_Task item_:
Copy the following data exactly and drop the pictures.

_Data block_:
/---
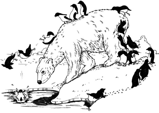 un ours polaire qui joue avec des pingouins
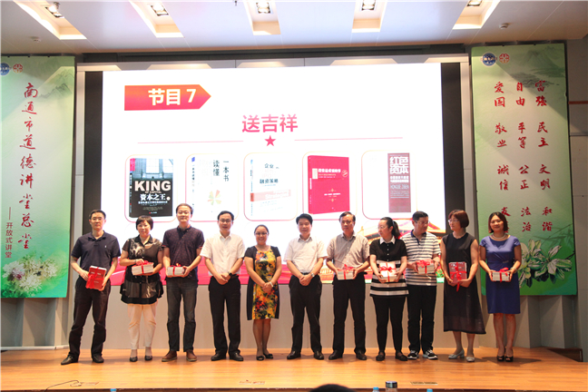本次活動圍繞“誦經(jīng)典”“學(xué)模范”“展風(fēng)采”“話廉潔”“觀情景劇”“談感悟”“送吉祥”“唱歌曲”八個環(huán)節(jié)開展。詩朗誦《實干才能夢想成真》重溫了習(xí)總書記提出的“中國夢”,堅定了大家在平凡崗位上創(chuàng)造不平凡的信心;江天化學(xué)吳松華、精華集團朱玉娟兩位同志的先進事跡讓大家在身邊人、身邊事中找到感動;情景劇《春風(fēng)里的故事》讓大家在忍俊不禁中體味到資產(chǎn)管理一線員工的不易和他們迎難而上的信心;一曲《真心英雄》展現(xiàn)出了集團職工團結(jié)向上的蓬勃朝氣,也將活動推向高潮。在“送吉祥”環(huán)節(jié),集團領(lǐng)導(dǎo)將精心挑選的《投資最重要的事》等金融書籍贈予各投資企業(yè)代表,勉勵他們加強學(xué)習(xí),不斷創(chuàng)新,用拼搏和奉獻實現(xiàn)集團的跨越發(fā)展。
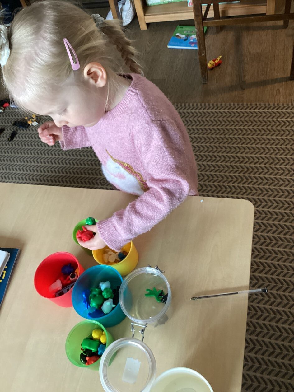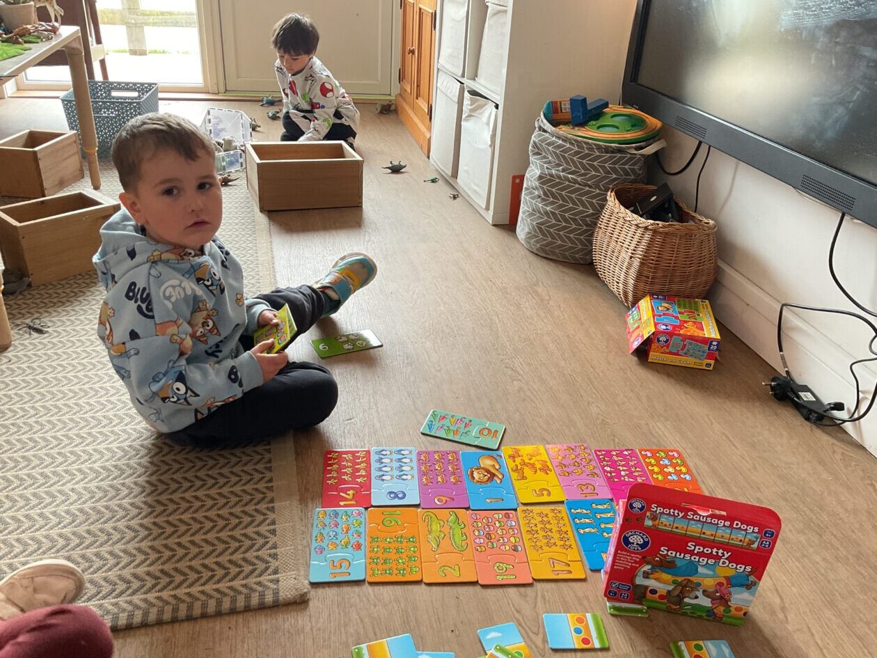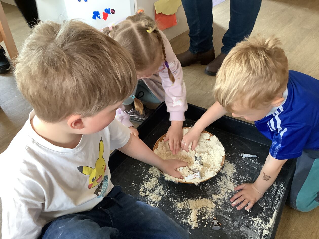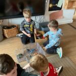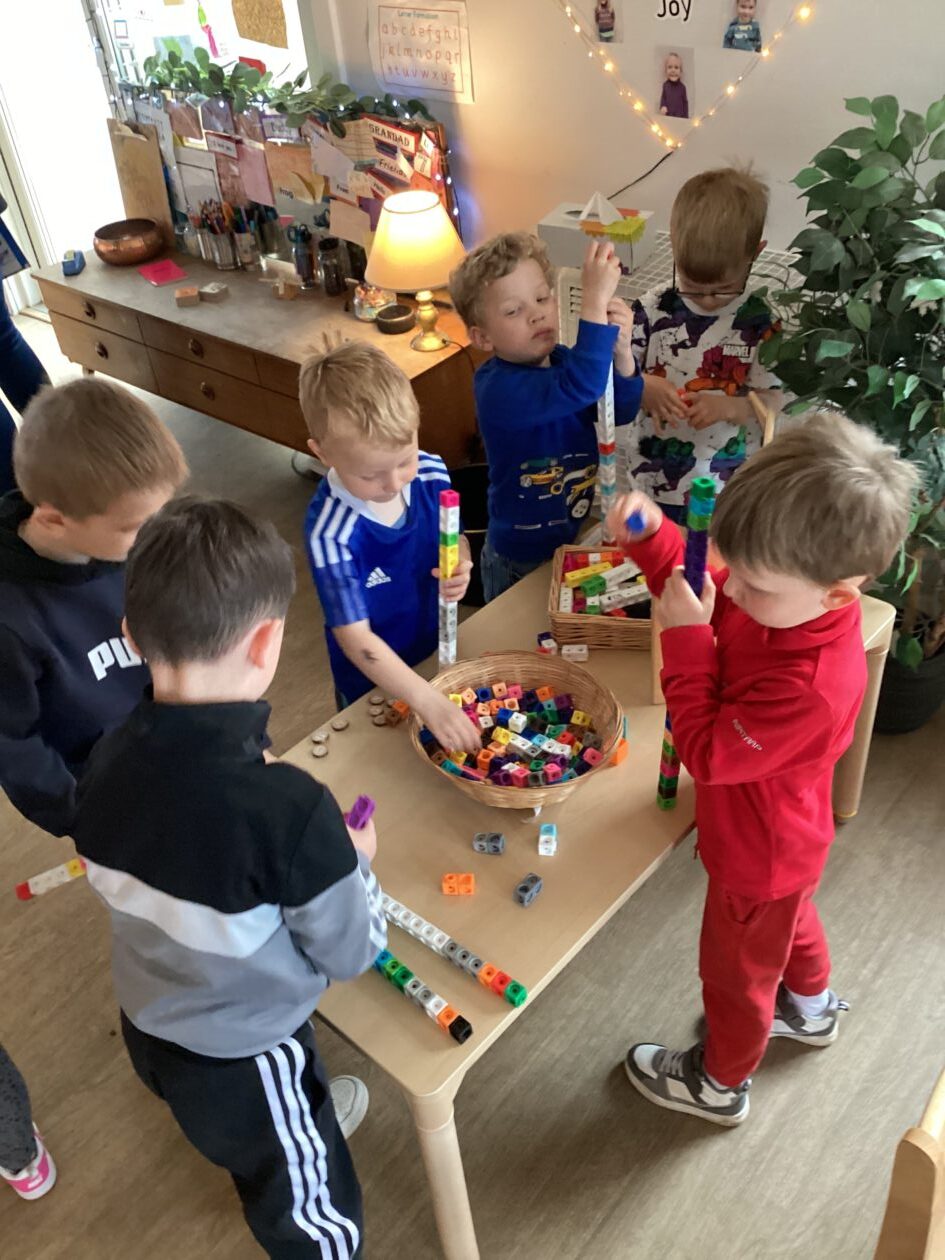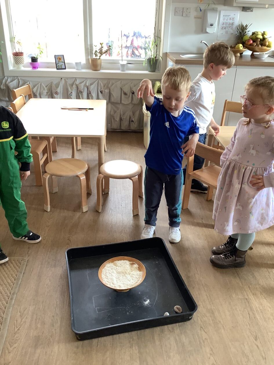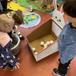 The suspense is over! Out of the 150 bees that were hidden all around the setting, there were 131 that were found during the stay and play. We have found a few since but there are still some that have stayed hidden. The bairns took turns counting out their bees and adding their number to the tally.
\---
_Task output_:
 un ours polaire qui joue avec des pingouins
本次活動圍繞“誦經(jīng)典”“學(xué)模范”“展風(fēng)采”“話廉潔”“觀情景劇”“談感悟”“送吉祥”“唱歌曲”八個環(huán)節(jié)開展。詩朗誦《實干才能夢想成真》重溫了習(xí)總書記提出的“中國夢”,堅定了大家在平凡崗位上創(chuàng)造不平凡的信心;江天化學(xué)吳松華、精華集團朱玉娟兩位同志的先進事跡讓大家在身邊人、身邊事中找到感動;情景劇《春風(fēng)里的故事》讓大家在忍俊不禁中體味到資產(chǎn)管理一線員工的不易和他們迎難而上的信心;一曲《真心英雄》展現(xiàn)出了集團職工團結(jié)向上的蓬勃朝氣,也將活動推向高潮。在“送吉祥”環(huán)節(jié),集團領(lǐng)導(dǎo)將精心挑選的《投資最重要的事》等金融書籍贈予各投資企業(yè)代表,勉勵他們加強學(xué)習(xí),不斷創(chuàng)新,用拼搏和奉獻實現(xiàn)集團的跨越發(fā)展。
 The suspense is over! Out of the 150 bees that were hidden all around the setting, there were 131 that were found during the stay and play. We have found a few since but there are still some that have stayed hidden. The bairns took turns counting out their bees and adding their number to the tally.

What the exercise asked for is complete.